Supplied records START

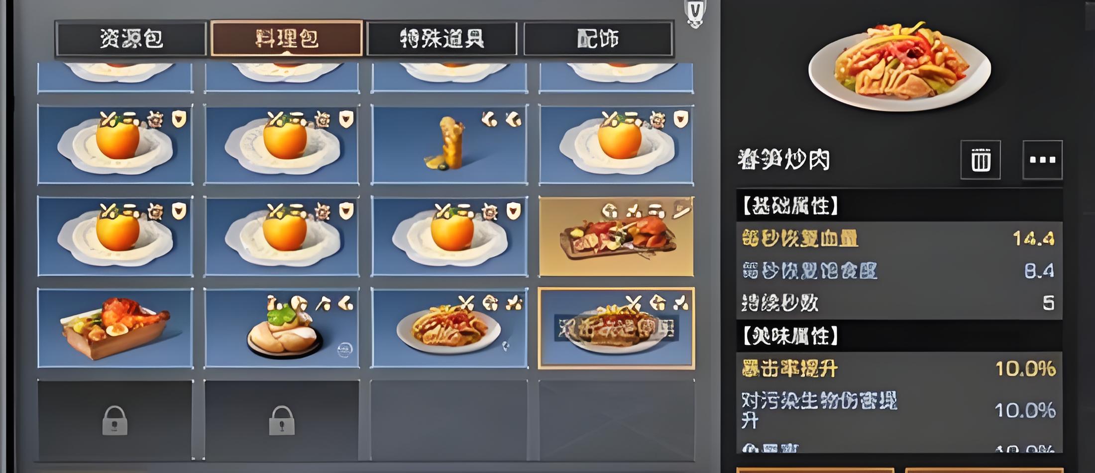 3、主要用途是制作春笋炒肉食谱,该食谱能为玩家提供基础属性加成,每秒恢复14点4血量和8点4饱食度,持续5秒。
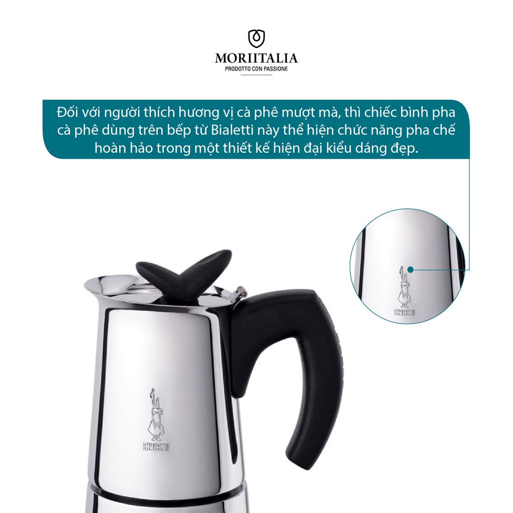 - Đối với người thích hương vị cà phê mượt mà, thì chiếc bình pha cà phê dùng trên bếp từ Bialetti này thể hiện chức năng pha chế hoàn hảo trong một thiết kế hiện đại kiểu dáng đẹp.
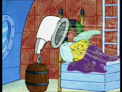 Das mache ihn zu einem mindestens ebenso guten Burgerbrater. Eine sehr witzige Folge also, mit vielen Situationen, die man selbst schon so oder ähnlich erlebt hat. „Das Nachtlicht" beleuchtet Sponges Angst vor der Dunkelheit, nachdem er einen Horrorroman gelesen hat. Er kauft sich daraufhin eine riesige Anzahl von Nachtlichtern, woraufhin sein Haus wie eine einzige Laterne aussieht. Doch erst diese ungewöhnliche Beleuchtung zieht die dunklen Kreaturen der Nacht an... Lustige kleine Folge, man könnte sie fast schon ein „Kammerspiel" zwischen Spongebob und Patrick nennen. „Aufstehen" ist mit nur vier Minuten die kürzeste Folge und zeigt die vollkommen irrsinnige Wahnsinnsprozedur, die Patrick jeden Morgen beim Aufstehen bewältigt. In „Warten" wartet Spongebob mit Patrick auf den Postboten, der ihn ein neues Spielzeug bringen soll. Die Folge ist leider etwas inhaltsleer, aber trotzdem unterhaltsam. Die Krätze zieht sich Spongebob und der Rest der Belegschaft der Krossen Krabbe in „Juckreiz" zu. Das ist zwar ziemlich eklig, aber trotzdem witzig. Den inhaltlichen Höhepunkt bietet sicherlich „Spionagekumpel", eine Parodie auf „Mission: Impossible" und „James Bond". Spongebob und Patrick sollen Plankton für Mr. Krabbs ausspionieren und durchlaufen dabei sämtliche Klischees des Agentenfilms. Der Humor ist hier sehr derbe und teilweise wohl kaum noch für Kinder geeignet, aber ältere Semester dürften ihren Spaß an den zahlreichen Anspielungen haben. Besonders das irrsinnige Masken-Ablegen am Ende ist für einige Lacher gut.
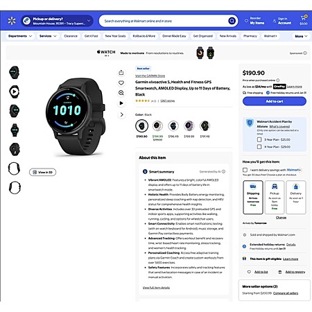 Garmin vívoactive 5, Health and Fitness GPS Smartwatch, AMOLED Display, Up to 11 Days of Battery, Black $190.99
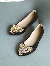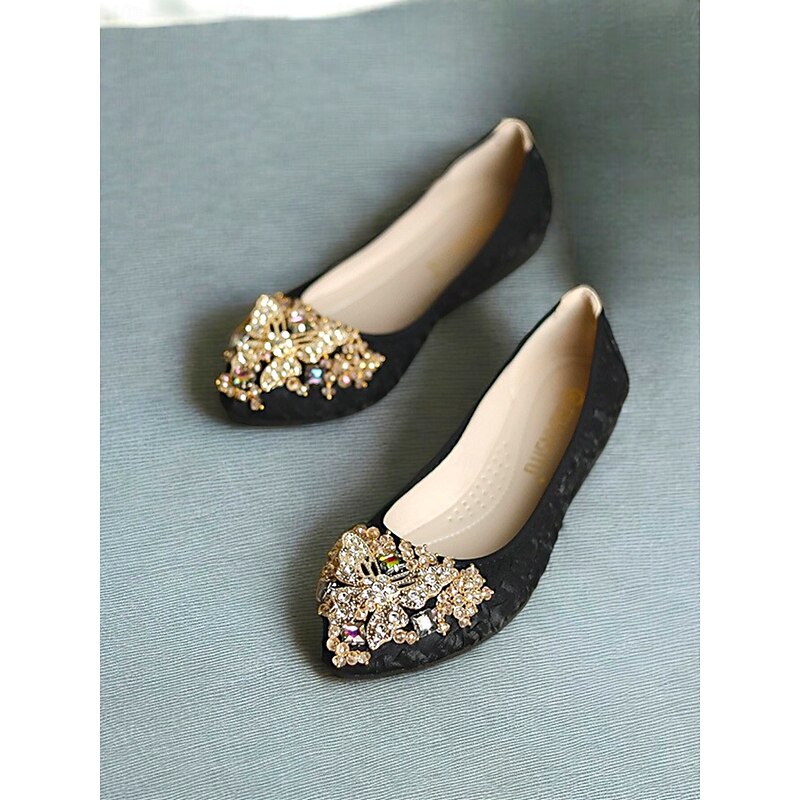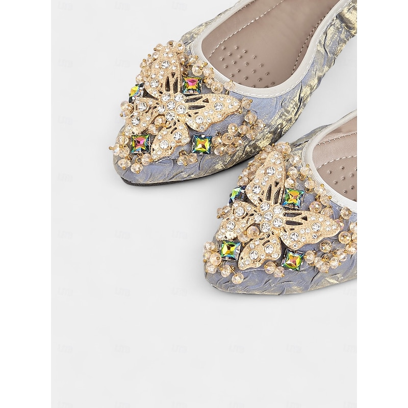 : Showcasing a dazzling beaded butterfly motif on the toe, embellished with rhinestones and crystals, these flats exude glamour and charm. The sparkle of the design enhances their aesthetic, making them a stunning footwear option for special occasions.
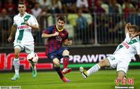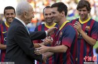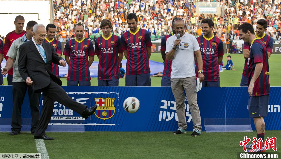 当地时间2013年8月4日,西甲豪门巴塞罗那在以色列的特拉维夫举办足球活动,以色列总统西蒙•佩雷斯(左)接见并亲自开球传给梅西。
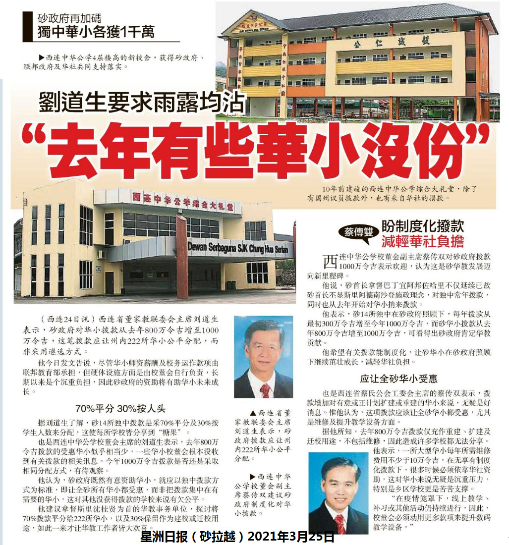 刘道生要求雨露均沾“去年有些华小没份”
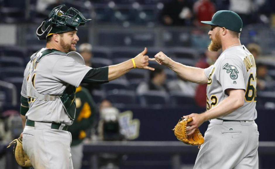 AP photo: Oakland A’s pitcher Sean Doolittle gets the save and is congratulated by A’s catcher Stephen Vogt in the A’s second win in the three game series in Yankee Stadium Wednesday night

Supplied records END

== About this exercise ==
Nothing should appear in the answer except the lines from the first line of the data through the line holding "Garmin vívoactive 5, Health", exactly as written, with pictures left out.

== Result for this exercise ==
 3、主要用途是制作春笋炒肉食谱,该食谱能为玩家提供基础属性加成,每秒恢复14点4血量和8点4饱食度,持续5秒。
 - Đối với người thích hương vị cà phê mượt mà, thì chiếc bình pha cà phê dùng trên bếp từ Bialetti này thể hiện chức năng pha chế hoàn hảo trong một thiết kế hiện đại kiểu dáng đẹp.
 Das mache ihn zu einem mindestens ebenso guten Burgerbrater. Eine sehr witzige Folge also, mit vielen Situationen, die man selbst schon so oder ähnlich erlebt hat. „Das Nachtlicht" beleuchtet Sponges Angst vor der Dunkelheit, nachdem er einen Horrorroman gelesen hat. Er kauft sich daraufhin eine riesige Anzahl von Nachtlichtern, woraufhin sein Haus wie eine einzige Laterne aussieht. Doch erst diese ungewöhnliche Beleuchtung zieht die dunklen Kreaturen der Nacht an... Lustige kleine Folge, man könnte sie fast schon ein „Kammerspiel" zwischen Spongebob und Patrick nennen. „Aufstehen" ist mit nur vier Minuten die kürzeste Folge und zeigt die vollkommen irrsinnige Wahnsinnsprozedur, die Patrick jeden Morgen beim Aufstehen bewältigt. In „Warten" wartet Spongebob mit Patrick auf den Postboten, der ihn ein neues Spielzeug bringen soll. Die Folge ist leider etwas inhaltsleer, aber trotzdem unterhaltsam. Die Krätze zieht sich Spongebob und der Rest der Belegschaft der Krossen Krabbe in „Juckreiz" zu. Das ist zwar ziemlich eklig, aber trotzdem witzig. Den inhaltlichen Höhepunkt bietet sicherlich „Spionagekumpel", eine Parodie auf „Mission: Impossible" und „James Bond". Spongebob und Patrick sollen Plankton für Mr. Krabbs ausspionieren und durchlaufen dabei sämtliche Klischees des Agentenfilms. Der Humor ist hier sehr derbe und teilweise wohl kaum noch für Kinder geeignet, aber ältere Semester dürften ihren Spaß an den zahlreichen Anspielungen haben. Besonders das irrsinnige Masken-Ablegen am Ende ist für einige Lacher gut.
 Garmin vívoactive 5, Health and Fitness GPS Smartwatch, AMOLED Display, Up to 11 Days of Battery, Black $190.99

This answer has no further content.